Seminar: Kenneth Long

 

Wednesday 17 December, 2014 at 1:00 PM

IPB Library "Dragan Popović"

 

MICE as a step towards the Neutrino Factory

Kenneth Long, Imperial College London and Science and Technology Facilities Council (STFC)

 

Muon beams of low emittance provide the basis for the intense, well-characterised neutrino beams necessary to elucidate the physics of flavour at the Neutrino Factory and to provide lepton-anti-lepton collisions at energies of up to several TeV at the Muon Collider.
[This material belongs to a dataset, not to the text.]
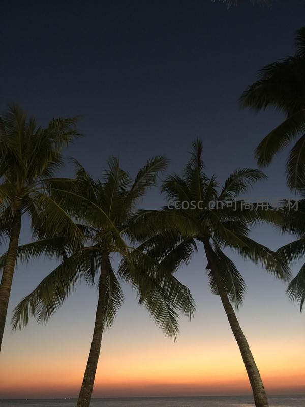 暮色渐浓椰影摇曳,橙紫霞光染透海天一线

The International Muon Ionization Cooling Experiment (MICE) will demonstrate ionization cooling; the technique by which it is proposed to reduce the phase-space volume occupied by the muon beam at such facilities.

The status of the MICE construction project will be described together with a summary of the performance of the principal components. Plans for the commissioning and operation of the experiment will be outlined and the measurement programme that will begin next spring will be described. The crucial role of MICE in the development of the long- and short-baseline neutrino programmes will be outlined and the opportunity to develop neutrino beams based on stored muons as a new technique for particle physics will be described.

 

Bio:

Ken Long is Professor of Experimental Particle Physics at Imperial College London. Having studied the hadronic final states produced in deep inelastic muon-proton scattering as a graduate student at Oxford, he went to CERN in 1985 to work on the UA1 experiment.
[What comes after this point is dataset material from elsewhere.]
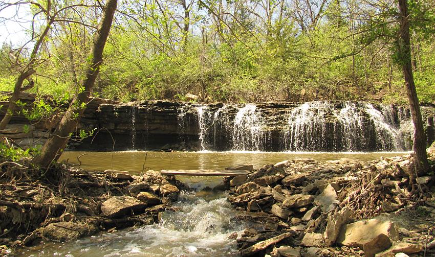 Cedar Lake Falls - Olathe, Kansas Cedar Lake Falls is located in the spillway just below the Cedar Lake dam in Olathe, Kansas. It is the second of four waterfalls which were pointed out by Randy Rasa of kansascyclist.com. I am almost embarrassed to say that years ago I regularly fished next to the Cedar Lake overflow dam, but never realized that there was a waterfall just a short way down the spillway. Cedar Lake is a 75 acre lake surrounded by a 54 acre community park which was originally dedicated in 1920. To reach the falls, enter Cedar Lake Park on the access road off of 159th and follow it along the south shore of Cedar Lake all the way to its end near the dam. There is an undeveloped trail which leads northwest from the turn around, paralleling the spillway. There are a couple of places where Cedar Lake Falls can be glimpsed from the cliff that lines the spillway, but there is no easy way down the bank. For the best view, continue along the pathway, downstream past the falls until it crosses an off shoot of the spillway that is usually dry. Turn right and follow it along its bed and it will lead you to the creek below the falls.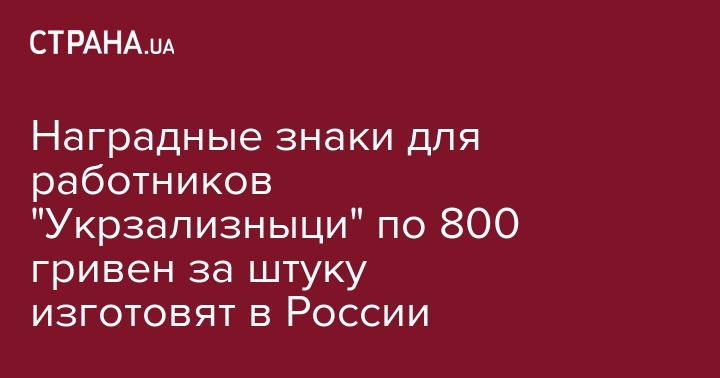В России по заказу "Укрзализныци" изготовят партию наградных знаков "Почетный железнодорожник" по 800 гривен за штуку.

Returning to the UK in 1987, he joined the ZEUS experiment at DESY in Hamburg, contributing to the design and construction of the experiment, the development of the reconstruction and simulation software, the measurement of the structure of both the proton and the photon and making detailed studies of the electroweak interaction.
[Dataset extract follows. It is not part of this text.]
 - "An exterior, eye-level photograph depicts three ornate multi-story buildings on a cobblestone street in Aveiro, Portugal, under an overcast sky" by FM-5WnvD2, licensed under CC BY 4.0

Fascinated by the mysteries hinted at by the discovery of neutrino oscillations at the turn of the century, he played a leading role in the development of the techniques required to produce intense beams of high-energy neutrinos on an industrial scale at the Neutrino Factory.

In this context he chairs the International Design Study for the Neutrino Factory (the IDS-NF), is the UK PI for the international Muon Ionization Cooling Experiment that is under construction at the Rutherford Appleton Laboratory and is co-chair of the national and Anglo-American Proton Accelerators for Science and Innovation (PASI) collaborations.